Don’t ignore the problem:
The ‘out of sight, out of mind’ mentality is one that many practice when dealing with mounting debt. It is a coping strategy that works in the short term but the more you ignore financial trouble, the more it accumulates. High interest rates and additional fees will cause debt to grow while it remains unpaid. Although it is difficult and embarrassing, it is important to talk to creditors and lenders if you are having difficulty repaying loans. Many creditors would prefer to work out a payment plan with you because it is better for them to receive the money in smaller installments than not at all. This is particularly important if you have been made redundant or have gone through a divorce; lenders won’t know your situation until you tell them.
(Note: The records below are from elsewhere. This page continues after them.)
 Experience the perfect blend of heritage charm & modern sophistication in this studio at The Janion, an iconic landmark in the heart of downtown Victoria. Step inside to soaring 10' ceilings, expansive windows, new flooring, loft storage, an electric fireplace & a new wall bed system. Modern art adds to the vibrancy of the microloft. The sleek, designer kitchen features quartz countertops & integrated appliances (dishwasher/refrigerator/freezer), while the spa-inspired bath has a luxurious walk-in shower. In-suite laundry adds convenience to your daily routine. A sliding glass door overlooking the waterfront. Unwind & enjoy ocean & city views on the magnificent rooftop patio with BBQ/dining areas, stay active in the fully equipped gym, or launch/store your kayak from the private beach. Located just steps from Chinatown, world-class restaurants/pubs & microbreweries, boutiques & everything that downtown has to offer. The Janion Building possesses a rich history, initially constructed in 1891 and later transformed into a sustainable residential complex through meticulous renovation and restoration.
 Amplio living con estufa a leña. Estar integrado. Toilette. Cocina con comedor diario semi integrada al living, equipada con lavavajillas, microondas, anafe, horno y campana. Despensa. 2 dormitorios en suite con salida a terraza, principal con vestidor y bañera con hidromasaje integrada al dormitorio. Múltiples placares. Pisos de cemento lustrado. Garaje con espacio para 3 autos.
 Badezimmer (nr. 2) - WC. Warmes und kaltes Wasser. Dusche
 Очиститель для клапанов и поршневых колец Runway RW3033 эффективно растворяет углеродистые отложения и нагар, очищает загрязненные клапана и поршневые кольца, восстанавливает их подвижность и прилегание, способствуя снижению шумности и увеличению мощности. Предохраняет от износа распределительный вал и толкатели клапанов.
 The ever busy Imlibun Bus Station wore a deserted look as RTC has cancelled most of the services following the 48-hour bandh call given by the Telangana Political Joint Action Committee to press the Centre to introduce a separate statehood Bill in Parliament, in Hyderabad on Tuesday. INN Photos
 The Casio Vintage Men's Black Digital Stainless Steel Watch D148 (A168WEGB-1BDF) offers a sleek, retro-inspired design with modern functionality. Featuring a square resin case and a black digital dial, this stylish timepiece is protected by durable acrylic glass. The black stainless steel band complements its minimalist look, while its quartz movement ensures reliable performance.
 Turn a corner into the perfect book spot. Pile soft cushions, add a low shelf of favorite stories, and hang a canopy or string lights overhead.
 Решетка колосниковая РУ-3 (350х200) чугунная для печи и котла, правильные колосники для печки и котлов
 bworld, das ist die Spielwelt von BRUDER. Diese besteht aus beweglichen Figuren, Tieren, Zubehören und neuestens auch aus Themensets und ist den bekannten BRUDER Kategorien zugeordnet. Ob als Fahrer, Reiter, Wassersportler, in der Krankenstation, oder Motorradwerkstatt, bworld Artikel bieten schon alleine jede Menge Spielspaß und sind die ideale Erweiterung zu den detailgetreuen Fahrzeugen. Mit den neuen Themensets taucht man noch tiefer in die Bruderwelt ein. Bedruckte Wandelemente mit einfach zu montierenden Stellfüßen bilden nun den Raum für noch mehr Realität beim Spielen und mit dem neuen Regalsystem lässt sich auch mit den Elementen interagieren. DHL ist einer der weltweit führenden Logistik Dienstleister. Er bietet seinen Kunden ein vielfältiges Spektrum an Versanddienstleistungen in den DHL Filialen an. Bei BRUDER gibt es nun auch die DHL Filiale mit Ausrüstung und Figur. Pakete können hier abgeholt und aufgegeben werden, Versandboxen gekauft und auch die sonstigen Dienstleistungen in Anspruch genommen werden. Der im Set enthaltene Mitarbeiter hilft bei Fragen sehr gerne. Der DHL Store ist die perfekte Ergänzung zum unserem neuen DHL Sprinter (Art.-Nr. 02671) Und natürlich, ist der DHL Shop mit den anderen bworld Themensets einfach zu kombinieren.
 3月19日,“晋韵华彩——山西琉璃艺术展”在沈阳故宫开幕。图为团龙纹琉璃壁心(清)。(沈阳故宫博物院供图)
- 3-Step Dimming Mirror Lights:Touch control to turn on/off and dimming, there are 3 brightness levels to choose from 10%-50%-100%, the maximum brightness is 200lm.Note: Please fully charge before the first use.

Don’t forget to make a budget:
If you are in financial trouble, chances are your budget making (and budget sticking) skills are not entirely up to scratch. Financial planning is an incredibly important part of getting out of debt, so make sure that you create a budget that you can afford. A good part of budgeting is managing your banking so it is wise to consider all of the options when choosing where to store your money. Overdrafts and credit cards can be a tempting quick-fix for those in a tight spot but they will eventually have a devastating effect on your finances if they remain unpaid. Opening a basic bank account can combat these issues because they do not offer an overdraft facility or a credit card; they are essentially just places to store your money.

Don’t promise to pay more than you have:
Negotiations with creditors can become aggressive and when they do, reassuring that you will pay a large sum of money can be a reflex. Of course, it is stressful when lenders hound you and threaten you with debt collection. However promising to pay what you don’t have will be damaging to your own finances and will complicate the relationship you have with the lenders. It can make them unwilling to renegotiate your loan terms in the future and can even result in lawsuits to obtain the money owed.

In essence, the trick to getting out of financial trouble is to think clearly, plan for the future and stick rigidly to a budget. It can be helpful to visit a financial counsellor who will help you have important conversations with your creditors. By avoiding the mistakes above, you can begin to plan for a brighter and more secure financial future.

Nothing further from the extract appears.